I too was running into this issue, and I'm not sure why blogger's Atom Feeds seem to have it as opposed to any other Atom feed. The one irregularily I did find is that Blogger seems to use single-quotes in their feed, rather than double-quotes, but I'm no XML genius so I don't know if that's what's bunging stuff up.

  case 'LINK':
      if ($attributes['REL'] == 'alternate') {
        if ($element == 'ITEM') {
          $items[$item]['LINK'] = $attributes['HREF'];
        }
        else {
          $items[$item]['LINK'] = $attributes['HREF']; // ++++++
          $channel['LINK'] = $attributes['HREF'];
        }
      }
      break;

But that seems like a hack because the issue is really that if-statement. Why isn't the parser correctly reading $element == 'ITEM'?

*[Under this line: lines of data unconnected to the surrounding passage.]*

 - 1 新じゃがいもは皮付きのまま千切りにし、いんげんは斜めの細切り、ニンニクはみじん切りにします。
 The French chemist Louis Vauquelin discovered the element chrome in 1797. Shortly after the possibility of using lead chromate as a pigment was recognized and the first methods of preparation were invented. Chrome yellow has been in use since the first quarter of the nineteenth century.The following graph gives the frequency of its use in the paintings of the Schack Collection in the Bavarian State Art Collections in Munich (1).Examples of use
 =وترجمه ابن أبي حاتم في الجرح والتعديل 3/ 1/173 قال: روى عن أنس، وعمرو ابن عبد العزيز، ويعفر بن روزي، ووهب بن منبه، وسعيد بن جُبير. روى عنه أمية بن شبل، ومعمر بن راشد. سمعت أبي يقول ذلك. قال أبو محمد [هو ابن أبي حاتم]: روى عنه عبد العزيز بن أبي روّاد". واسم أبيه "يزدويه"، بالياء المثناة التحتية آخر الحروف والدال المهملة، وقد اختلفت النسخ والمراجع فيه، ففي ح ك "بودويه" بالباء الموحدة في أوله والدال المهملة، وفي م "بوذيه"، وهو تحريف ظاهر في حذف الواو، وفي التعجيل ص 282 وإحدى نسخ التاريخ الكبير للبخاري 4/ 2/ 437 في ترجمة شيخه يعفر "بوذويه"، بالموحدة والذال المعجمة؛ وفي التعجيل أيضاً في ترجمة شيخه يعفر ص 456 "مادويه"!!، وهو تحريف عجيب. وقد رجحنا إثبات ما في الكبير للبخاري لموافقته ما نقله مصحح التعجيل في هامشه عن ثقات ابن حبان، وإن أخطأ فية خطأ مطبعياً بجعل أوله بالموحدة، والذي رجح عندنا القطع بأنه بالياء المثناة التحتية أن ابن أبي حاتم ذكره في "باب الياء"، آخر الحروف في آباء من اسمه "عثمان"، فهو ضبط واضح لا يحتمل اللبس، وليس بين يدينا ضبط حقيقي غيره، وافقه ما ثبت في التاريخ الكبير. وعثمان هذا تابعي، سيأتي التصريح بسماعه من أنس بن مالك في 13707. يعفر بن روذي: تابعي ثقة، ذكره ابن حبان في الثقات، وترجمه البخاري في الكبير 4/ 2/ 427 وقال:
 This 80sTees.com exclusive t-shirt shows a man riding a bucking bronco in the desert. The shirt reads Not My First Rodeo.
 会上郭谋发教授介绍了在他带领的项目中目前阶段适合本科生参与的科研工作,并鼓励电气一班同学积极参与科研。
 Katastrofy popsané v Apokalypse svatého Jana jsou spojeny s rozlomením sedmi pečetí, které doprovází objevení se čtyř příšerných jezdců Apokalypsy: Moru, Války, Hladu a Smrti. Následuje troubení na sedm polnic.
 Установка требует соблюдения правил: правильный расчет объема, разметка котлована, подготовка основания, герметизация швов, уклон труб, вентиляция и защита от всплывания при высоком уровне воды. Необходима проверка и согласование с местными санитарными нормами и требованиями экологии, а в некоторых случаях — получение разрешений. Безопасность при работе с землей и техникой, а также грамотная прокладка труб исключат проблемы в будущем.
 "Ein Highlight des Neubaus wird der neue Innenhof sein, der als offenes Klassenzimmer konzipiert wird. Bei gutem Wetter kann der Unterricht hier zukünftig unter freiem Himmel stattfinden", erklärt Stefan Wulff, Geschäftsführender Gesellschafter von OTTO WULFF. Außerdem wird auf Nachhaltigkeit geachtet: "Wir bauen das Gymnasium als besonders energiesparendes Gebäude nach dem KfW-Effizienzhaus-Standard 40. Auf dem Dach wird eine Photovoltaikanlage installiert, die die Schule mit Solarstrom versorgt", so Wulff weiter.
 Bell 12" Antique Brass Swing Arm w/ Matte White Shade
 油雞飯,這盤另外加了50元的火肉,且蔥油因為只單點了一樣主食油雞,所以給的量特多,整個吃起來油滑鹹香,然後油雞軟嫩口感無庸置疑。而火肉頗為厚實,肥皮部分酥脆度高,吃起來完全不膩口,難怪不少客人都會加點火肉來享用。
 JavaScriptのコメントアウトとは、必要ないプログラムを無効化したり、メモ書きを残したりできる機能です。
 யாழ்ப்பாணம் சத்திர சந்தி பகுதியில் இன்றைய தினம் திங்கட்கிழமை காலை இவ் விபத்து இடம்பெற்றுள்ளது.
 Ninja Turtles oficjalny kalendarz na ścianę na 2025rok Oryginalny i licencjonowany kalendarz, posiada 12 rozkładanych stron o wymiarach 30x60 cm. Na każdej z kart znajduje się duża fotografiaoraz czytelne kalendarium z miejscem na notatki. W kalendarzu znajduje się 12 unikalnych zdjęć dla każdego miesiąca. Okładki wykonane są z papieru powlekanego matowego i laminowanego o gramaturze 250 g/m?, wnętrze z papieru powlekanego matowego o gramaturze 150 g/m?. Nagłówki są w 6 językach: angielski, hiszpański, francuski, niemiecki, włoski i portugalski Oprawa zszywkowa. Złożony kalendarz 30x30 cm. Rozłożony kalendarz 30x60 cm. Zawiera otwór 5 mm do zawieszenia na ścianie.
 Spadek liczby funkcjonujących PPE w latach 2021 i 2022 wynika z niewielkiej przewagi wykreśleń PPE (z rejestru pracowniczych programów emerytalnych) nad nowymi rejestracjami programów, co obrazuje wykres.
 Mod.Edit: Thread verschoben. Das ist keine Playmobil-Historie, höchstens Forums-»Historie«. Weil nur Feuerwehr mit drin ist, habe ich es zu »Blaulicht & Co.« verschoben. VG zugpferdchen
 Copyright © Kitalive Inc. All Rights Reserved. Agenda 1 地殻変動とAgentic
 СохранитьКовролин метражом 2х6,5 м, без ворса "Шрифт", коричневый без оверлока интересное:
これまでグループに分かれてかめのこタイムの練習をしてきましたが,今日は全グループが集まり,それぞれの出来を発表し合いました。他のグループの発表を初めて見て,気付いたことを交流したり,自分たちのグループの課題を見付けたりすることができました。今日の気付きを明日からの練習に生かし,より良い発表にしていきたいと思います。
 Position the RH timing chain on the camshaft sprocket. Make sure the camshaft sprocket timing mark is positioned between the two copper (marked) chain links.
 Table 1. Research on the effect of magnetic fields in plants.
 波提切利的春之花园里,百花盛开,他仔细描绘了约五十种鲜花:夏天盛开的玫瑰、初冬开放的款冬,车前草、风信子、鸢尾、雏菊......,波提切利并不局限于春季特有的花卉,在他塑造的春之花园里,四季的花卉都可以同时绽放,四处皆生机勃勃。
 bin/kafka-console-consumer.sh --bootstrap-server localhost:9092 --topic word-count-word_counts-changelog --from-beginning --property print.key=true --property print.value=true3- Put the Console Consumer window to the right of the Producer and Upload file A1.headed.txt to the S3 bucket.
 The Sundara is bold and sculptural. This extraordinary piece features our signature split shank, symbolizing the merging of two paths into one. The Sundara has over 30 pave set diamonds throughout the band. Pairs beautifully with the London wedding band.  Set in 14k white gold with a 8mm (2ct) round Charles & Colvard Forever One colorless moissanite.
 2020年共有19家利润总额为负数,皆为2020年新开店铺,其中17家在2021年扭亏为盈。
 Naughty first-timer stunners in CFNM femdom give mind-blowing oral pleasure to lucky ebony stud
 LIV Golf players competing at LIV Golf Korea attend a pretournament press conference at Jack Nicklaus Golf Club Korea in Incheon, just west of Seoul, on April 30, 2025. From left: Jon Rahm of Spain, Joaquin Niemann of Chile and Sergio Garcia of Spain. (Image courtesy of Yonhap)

Also, there is some weird flow to database insertions:

1) It seems like when you first create the feed in aggregator and update it for the first time, no new Items are added but the Feed's Link is set to the last item's Link (probably because of that wonky if-statement above). But the Feed's Link is added to the Feed *after* (or rather, it's never re-retrieved) it tries to insert the items. This is a problem because the Add Item logic says "we have to have a link, if we don't, use the Feed's link" but it doesn't have the feed link (even improperly set) so no items are inserted.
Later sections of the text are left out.